Missing values are pervasive in medical data due to corruption or collection errors. They can adversely impact the performance of classifiers by introducing bias. Various methods exist for filling in missing values, including basic techniques like mean, max, min, and the most frequent item. In our study, we encountered a small number of missing values in each column, ranging from 2 to 5 [39]. To achieve high accuracy in the imputed data, we employed a variable strategy known as multivariate imputation by chained equations (MICE) [40,41].

5.2.3. Data Scaling

Data scaling methods in machine learning are employed to address the importance of scalability and ensure accurate outcomes while minimizing uncertainties, incorrect predictions, and additional costs or processing time. One common approach to data scaling involves transforming the minimum value of a feature to 0 and the maximum value to 1 [6,9,42,43,44,45,46,47,48,49]. In our study, we applied data scaling using the following equation:

x' = \frac{x - \bar{x}}{δ}

(8)

6. Proposed Work

The proposed model for identifying and predicting CTS diagnosis at the carpal tunnel is divided into four stages, as shown in Figure 1. The first stage involves aggregating the necessary data, which includes patient history, personal data, clinical examination data, CSA from ultrasound images, NCS and BCTQ. The second stage is the data preprocessing stage, which involves cleaning, formatting, and standardizing the data to prepare them for analysis. The third stage is utilizing AI models to predict CTS diagnosis and monitor progression during treatment. We built a classification model to predict CTS diagnosis. DNN was utilized to build efficient models in terms of several evaluation metrics. Then, we built an ML model to predict the CSA after 1, 2 and 6 months. Lastly, the fourth stage involves utilizing statistical tests (level of significance, Kruskal-Wallis test and two-way ANOVA test) to evaluate whether a significant change in patient health status occurs through the treatment process. The results of the statistical tests showed highly significant changes in patient scores, including SSS, FSS and CSA after 1, 3 and 6 months of postinjection. Overall, the proposed model provides a comprehensive approach to diagnosing CTS based on AI techniques and advancement on the medical and AI sides.

7. Results and Discussion

7.1. Evlaution Metrics

Various metrics are employed to assess the performance of the model classification model and regression model, encompassing the following measures for classification (accuracy, precsion, recall, f_meausre and area under the roc_curve. While other evaluation metrics utilized for regression include mean square error (MSE) Mean absolute error (MAE), median absolute error (MedAE) and the R2 score Table 2 presents a comprehensive overview of these metrics and the mathematical formulas used to calculate them.

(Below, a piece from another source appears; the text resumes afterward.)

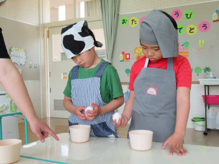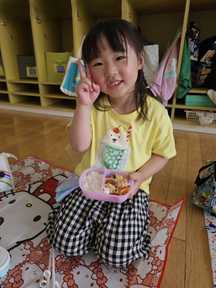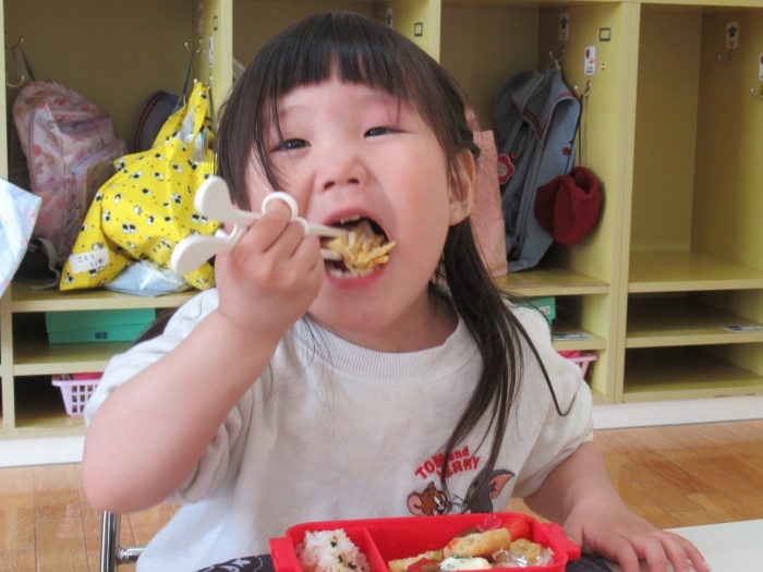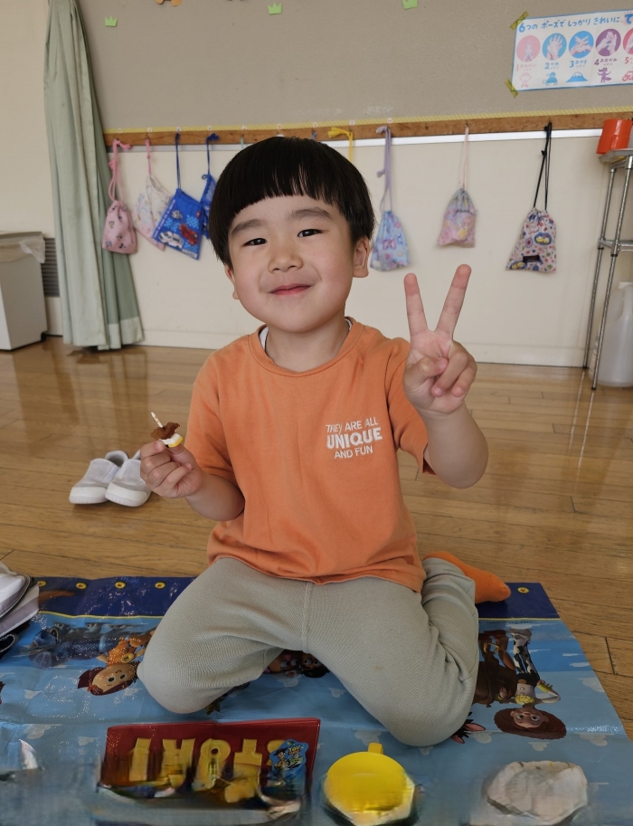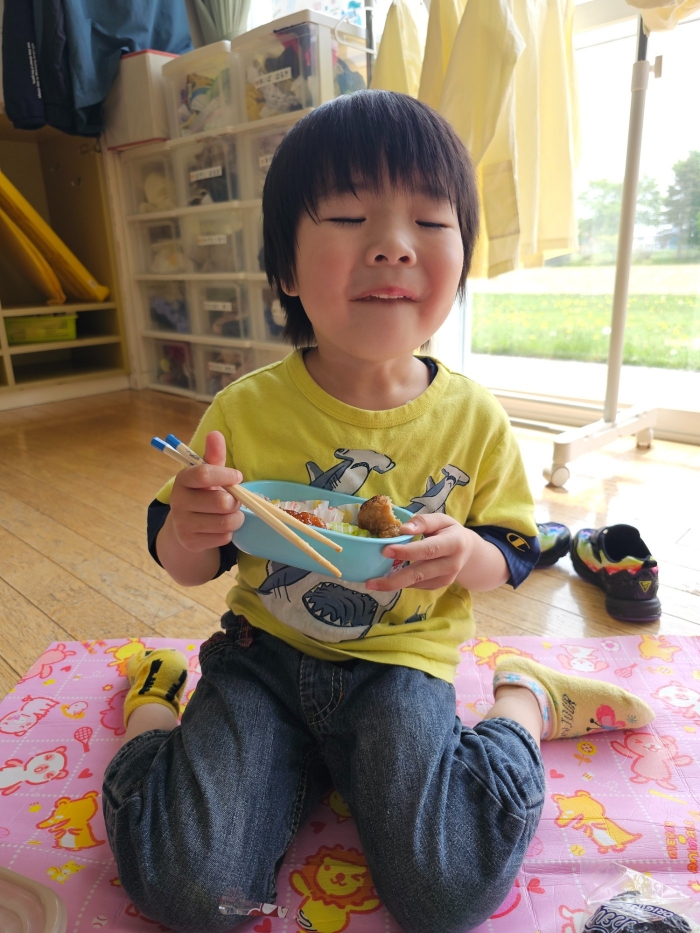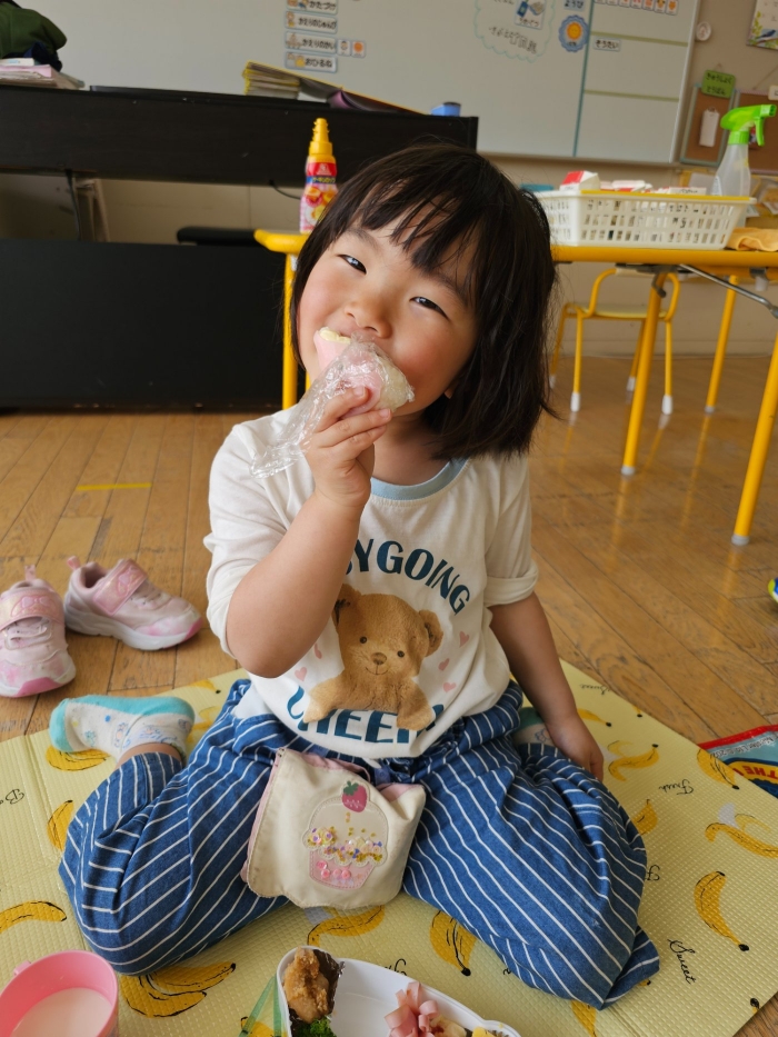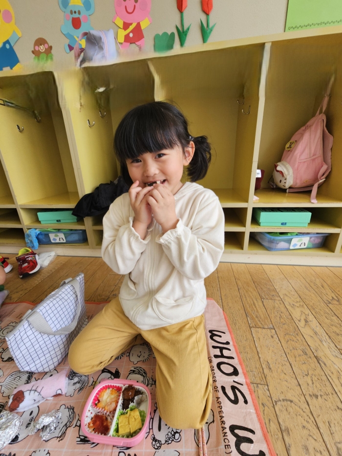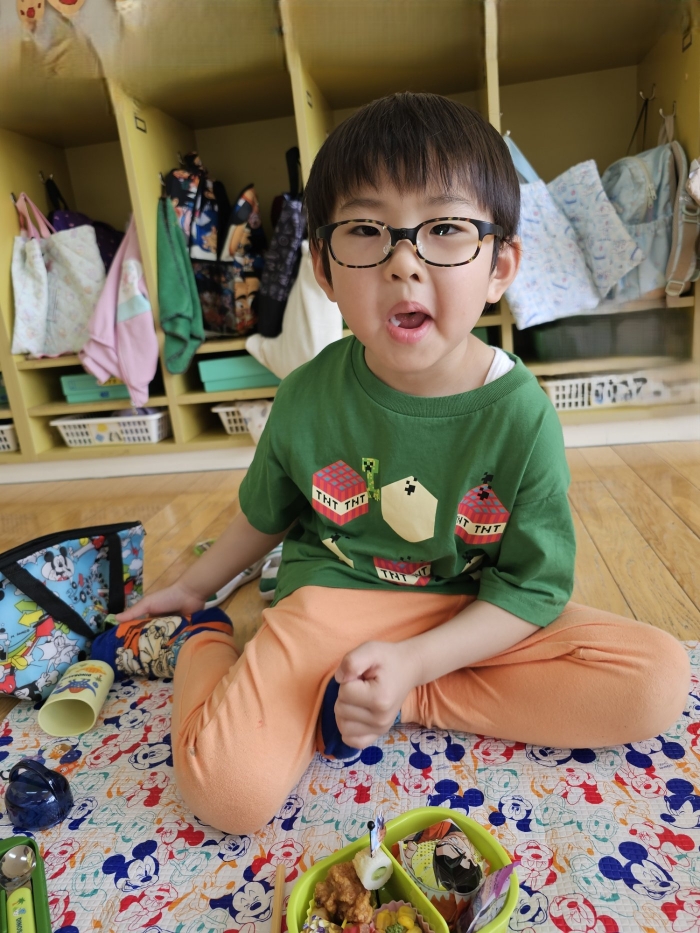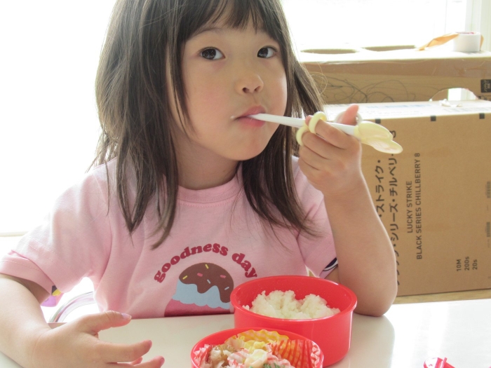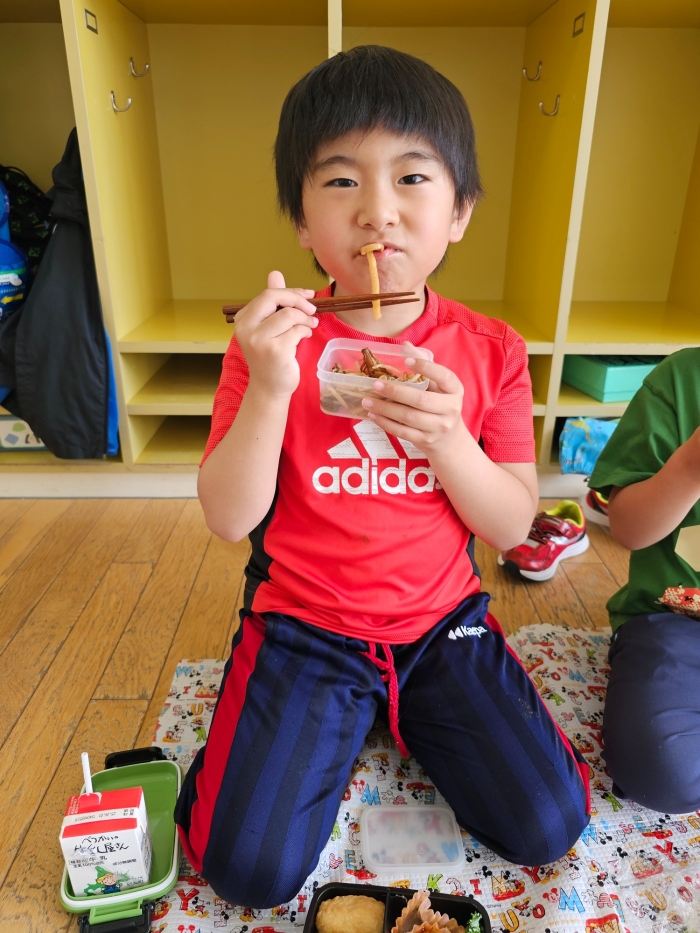 そして、迎えたクッキングの30日(金)! 最初の難関、 エプロン、三角巾も自分で身に付け、調理道具・材料を取り揃え、手順を聞きながら全ての工程に意欲満々で取り組みました。作ったパンケーキは、もちろん、いちご組・つくし組にもお裾分け! もっと喜んでもらいたいと、お好みのソースを掛ける・絵を描くサービスまで考える姿もありました。 みんなが笑顔になった たけのこ組初クッキング! 今度は、クラス4人揃って行いたい!とのことで、みんなにとって嬉しい第2弾を企画中です。

7.2. Predicting CTS Diagnosis

In this section, we evaluate the performance of DL in predicting CTS diagnosis. Three different DL models are built with three different optimizers: gradient descent (GD), adaptive gradient algorithm (Adagrad) and Adam. Figure 2 clarifies the plot of the architecture of the DL model. It includes six layers, including an input layer that has 37 inputs, four hidden layers with the ReLU activation function and an output layer with the Adam optimizer and sigmoid activation function. Table 3 shows the hyperparameters of the DL model. First, we tried the proposed model without historical data to check the effect of the historical data on the overall performance of the model. Figure 3 shows the learning and model without historical data. From Table 4, we can observe the best performance was obtained (ACC = 0.829%, precision = 0.823%, R = 0.857%, F-measure = 0.846% and AUC = 0.837%).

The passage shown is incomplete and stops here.